Since launching in 2007 in Hyderabad, Fresh Produce India has cemented its position as the annual meeting point for India’s fast-growing fresh fruit and vegetable business. This year the event moved to a new two-day convention-style format with an enlarged expo, plenary conference sessions and an array of workshops giving delegates more time to network, and more choice of subjects on the programme.

Understanding the local market and recognising the importance of traditional retailers in modern India was one of the key takeaways from the event, with Parth Karvat, director of importer Yupaa International, offering an insight into better ways to service India’s savvy shoppers.

“Fruit stalls are still an important part of fruit sales in India.

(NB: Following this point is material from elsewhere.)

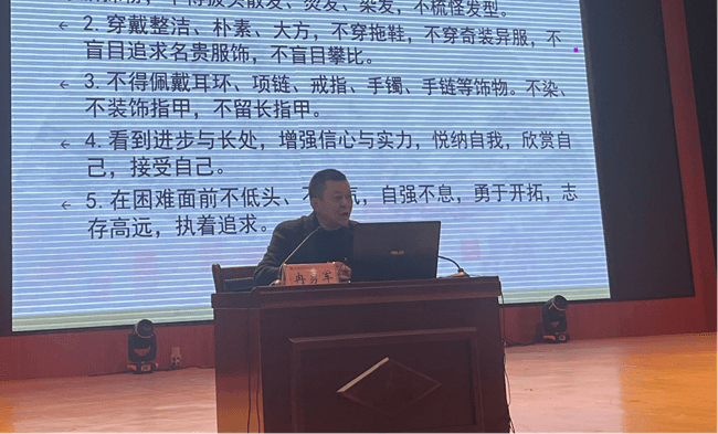 为帮助青年女大学生树立正确的世界观、人生观和价值观,做自尊自爱自重自护自信自强的新时代大学生。11月20日,在学院大礼堂,学院党委学工部部长冉勇军以“自尊 自爱 自重 自护,做一个自信自强的阳光女孩”为主题,开展了一场青春期女生健康安全教育专题讲座,全体专兼职辅导员、在校女学生代表等1000余人到场聆听。
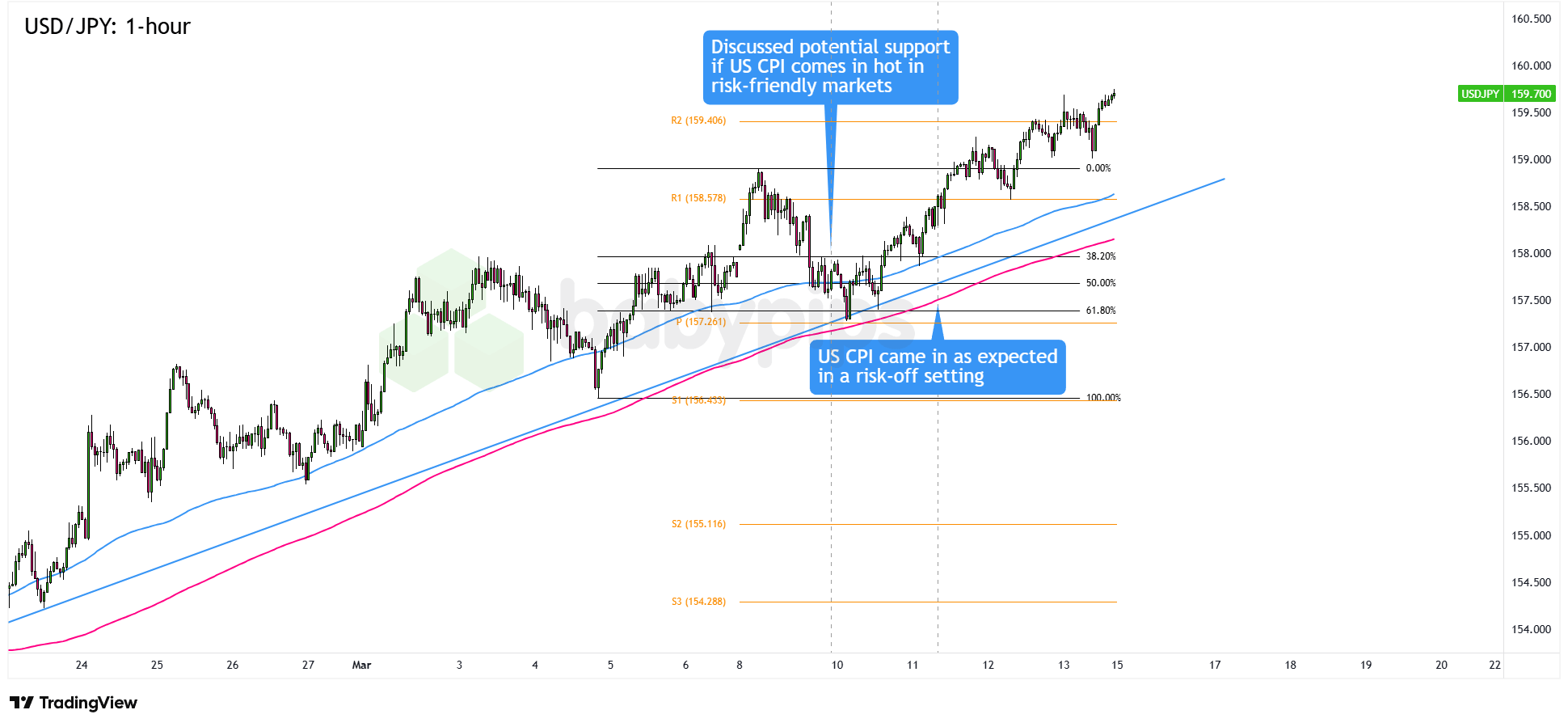 Still, USD/JPY carried on with its steady climb for the remainder of the week, keeping its head above the trend line support and pre-CPI levels while risk flows favored the safe-haven dollar while the yen reeled from Japan’s larger exposure to the oil crisis. Price even extended its rally past the swing high at the 159.00 handle, which then turned to support as dollar strength prevailed on upbeat mid-tier data printed later on.

They’re small spaces, with good displays and they keep the overhead costs low – it’s a very efficient business model,” Karvat explained. “Modern retail has not been so successful in penetrating a lot of consumers in India, with road side stalls still an effective and important way of selling fruit.”

Zespri India’s Ritesh Bhimani and Adani Agrifresh’s Srinivasa Ramanujam reiterated this point, highlighting some of their own examples of developing promotions and marketing material specifically for the ‘mom-and-pop’ stores and street vendors that still service much of India’s daily fruit and vegetable needs. The dominance of this so-called ‘traditional retail trade’ is built on generations of trust between the vendor and the consumer, they noted.

While modern supermarket retailers are slowly growing their market share, they still have a long way to go to develop cold storage and logistics systems and to build a compelling fresh produce offer, while higher rents in tier-one cities are impeding their expansion.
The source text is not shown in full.